De gang was lang en verlicht met felle lampen. Hier en daar stond een volgepropt karretje tegen de muur. Ik kwam voorbij een leeg lokaaltje met een groot raam waaraan allerhande affiches hingen. Ik deed de moeite niet om ze te lezen. Lichtjes nerveus stapte ik door, de nummers bekijkend die naast de deuren hingen. Af en toe piepte ik nieuwsgierig binnen daar waar een deur openstond. Meestal was het stil of hoorde ik stemmen geanimeerd babbelen of klonk er een sereen gefluister. 156, 157,158… 159 hier was het. Ik ademde diep en met een zacht klopje stapte ik behoedzaam door de deur. Het was schemerdonker in de kamer. Mijn ogen moesten zich even aanpassen. De lichte zenuwachtigheid nam toe. Ik wist niet wat ik moest verwachten.  Toen zag ik haar, hoewel ze me hadden gewaarschuwd was ik toch een beetje in shock. Een tijdje geleden zag ze er nog zo onverwoestbaar uit. Een vrouw uit één stuk. Groot en kloek. Ze was groter dan mij, ja, ik geef toe, ik ben een kleintje. Nu was ze slechts een schim van zichzelf. Haar donkere zwarte krullen waren niet meer zwart, maar in korte tijd een soort van grijs geworden en krullen deed het ook niet echt meer. Slangetjes zaten in haar arm en lagen over haar gezicht. Ze sliep en lag er wonderwel vredig bij. Haar ademhaling was rustig.
Stilletjes deed ik mijn jas uit en hing hem op de stoel. Zonder lawaai te maken ging ik zitten en bleef naar haar kijken.

‘Mémé, mag ik een rabarber?’ vroeg ik. Mémé zuchtte even, stond op, nam een keukenmesje en ging naar de gigantische moestuin.
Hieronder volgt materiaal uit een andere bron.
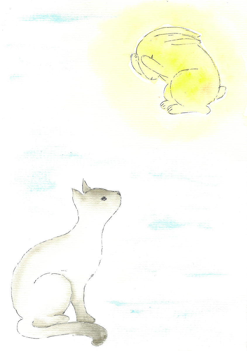 – Ой, опять кошка! – зайчик на всякий случай запрыгнул на потолок.

Ik huppelde enthousiast achterop. Behendig sneed ze een stengel af. We stapten naar de composthoop, daar deed ze de voet en het blad af zodat alles direct netjes was. Ik stapte druk pratend mee met haar naar de keuken. Daar waste ze de rabarberstengel, sneed die in stukjes en deed die in een potje met suiker. Blij nam ik het potje vast en ging buiten op het stoeltje zitten dat mijn pa nog gemaakt had. De gele kanarie boven mijn hoofd floot zijn mooiste liedjes.
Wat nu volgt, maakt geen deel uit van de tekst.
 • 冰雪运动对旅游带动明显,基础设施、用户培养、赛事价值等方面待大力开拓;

Ze zuchtte diep en bewoog lichtjes met haar vinger.
Na de dood van pépé zorgde ze voor de moestuin. Een grote oppervlakte die ze jaren met trots onderhield. Boontjes, sla, tomaten, rabarber,… alles stond in de tuin. Dan werkte ze erin en sloeg een praatje met de buurmannen en buurvrouwen. De laatste jaren was ze ermee gestopt en mocht mijn broer het land onkruidvrij houden. Het ging niet meer zo goed zei ze.

Het was zaterdagvoormiddag en mama en papa moesten werken. Broer en ik speelden op de grond met de oude legoblokken van papa. Het was weer kapperstijd. Francine kwam het haar van mémé op krulspelden te steken. Zoutkoekjes en porto werden uitgehaald en op tafel gezet. Feest, voor ons althans. ‘Mémé, mag ik een beetje fruitsap?’ vroeg ik. ‘Ja hoor, pak het maar zelf’ zei ze terwijl ze stokstijf zat en een krulspeld aangaf. Mémé en Francine roddelden er gezellig op los en vertelden over vroeger.

Als we op zaterdag bij mémé waren, moesten we wel altijd naar één of andere buurvrouw om krulspelden te gaan insteken. In de loop der jaren haakten de buurvrouwen één voor één af, ze gingen naar het rusthuis, stierven of verhuisden naar een appartement. Enkel de buurvrouw van rechts woonde er nog, maar die was helaas dement aan het worden.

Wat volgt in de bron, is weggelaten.